-- Available data follows --
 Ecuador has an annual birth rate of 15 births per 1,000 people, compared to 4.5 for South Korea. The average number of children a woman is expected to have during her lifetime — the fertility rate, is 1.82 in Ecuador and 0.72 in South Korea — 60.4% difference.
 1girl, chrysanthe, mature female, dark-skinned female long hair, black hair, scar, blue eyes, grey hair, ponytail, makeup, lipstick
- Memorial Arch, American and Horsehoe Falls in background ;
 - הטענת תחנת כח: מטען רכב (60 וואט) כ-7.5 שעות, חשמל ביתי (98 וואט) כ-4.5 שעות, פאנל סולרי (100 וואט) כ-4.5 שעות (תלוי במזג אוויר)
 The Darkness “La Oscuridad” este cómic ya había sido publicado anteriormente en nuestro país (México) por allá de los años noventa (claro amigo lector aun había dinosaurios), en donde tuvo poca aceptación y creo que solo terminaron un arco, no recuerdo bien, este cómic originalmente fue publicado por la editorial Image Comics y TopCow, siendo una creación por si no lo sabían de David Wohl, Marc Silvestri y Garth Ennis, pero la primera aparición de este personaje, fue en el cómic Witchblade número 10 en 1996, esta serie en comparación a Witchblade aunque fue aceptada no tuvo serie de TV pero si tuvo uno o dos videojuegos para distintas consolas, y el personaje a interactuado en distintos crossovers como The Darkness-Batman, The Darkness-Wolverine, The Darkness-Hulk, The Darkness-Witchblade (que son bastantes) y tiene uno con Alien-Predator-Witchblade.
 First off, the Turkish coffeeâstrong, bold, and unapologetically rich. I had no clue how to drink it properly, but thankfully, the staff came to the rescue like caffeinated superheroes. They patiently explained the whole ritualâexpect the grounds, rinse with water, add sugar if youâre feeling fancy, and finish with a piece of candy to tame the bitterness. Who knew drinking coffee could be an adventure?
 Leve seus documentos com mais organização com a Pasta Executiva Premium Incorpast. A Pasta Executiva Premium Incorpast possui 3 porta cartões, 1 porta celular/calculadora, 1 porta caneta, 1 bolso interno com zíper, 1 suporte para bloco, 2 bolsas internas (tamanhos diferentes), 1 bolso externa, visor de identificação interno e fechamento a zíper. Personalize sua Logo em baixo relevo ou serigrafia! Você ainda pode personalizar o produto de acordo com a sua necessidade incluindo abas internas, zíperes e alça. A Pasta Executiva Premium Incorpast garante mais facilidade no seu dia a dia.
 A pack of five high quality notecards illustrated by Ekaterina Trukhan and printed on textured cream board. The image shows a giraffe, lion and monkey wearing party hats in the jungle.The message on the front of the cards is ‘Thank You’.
-- Available data concluded --
## Assignment
Without changing anything, quote the lines from the top of the data to the line that contains "First off, the", including that line.

## Expected answer
 Ecuador has an annual birth rate of 15 births per 1,000 people, compared to 4.5 for South Korea. The average number of children a woman is expected to have during her lifetime — the fertility rate, is 1.82 in Ecuador and 0.72 in South Korea — 60.4% difference.
 1girl, chrysanthe, mature female, dark-skinned female long hair, black hair, scar, blue eyes, grey hair, ponytail, makeup, lipstick
- Memorial Arch, American and Horsehoe Falls in background ;
 - הטענת תחנת כח: מטען רכב (60 וואט) כ-7.5 שעות, חשמל ביתי (98 וואט) כ-4.5 שעות, פאנל סולרי (100 וואט) כ-4.5 שעות (תלוי במזג אוויר)
 The Darkness “La Oscuridad” este cómic ya había sido publicado anteriormente en nuestro país (México) por allá de los años noventa (claro amigo lector aun había dinosaurios), en donde tuvo poca aceptación y creo que solo terminaron un arco, no recuerdo bien, este cómic originalmente fue publicado por la editorial Image Comics y TopCow, siendo una creación por si no lo sabían de David Wohl, Marc Silvestri y Garth Ennis, pero la primera aparición de este personaje, fue en el cómic Witchblade número 10 en 1996, esta serie en comparación a Witchblade aunque fue aceptada no tuvo serie de TV pero si tuvo uno o dos videojuegos para distintas consolas, y el personaje a interactuado en distintos crossovers como The Darkness-Batman, The Darkness-Wolverine, The Darkness-Hulk, The Darkness-Witchblade (que son bastantes) y tiene uno con Alien-Predator-Witchblade.
 First off, the Turkish coffeeâstrong, bold, and unapologetically rich. I had no clue how to drink it properly, but thankfully, the staff came to the rescue like caffeinated superheroes. They patiently explained the whole ritualâexpect the grounds, rinse with water, add sugar if youâre feeling fancy, and finish with a piece of candy to tame the bitterness. Who knew drinking coffee could be an adventure?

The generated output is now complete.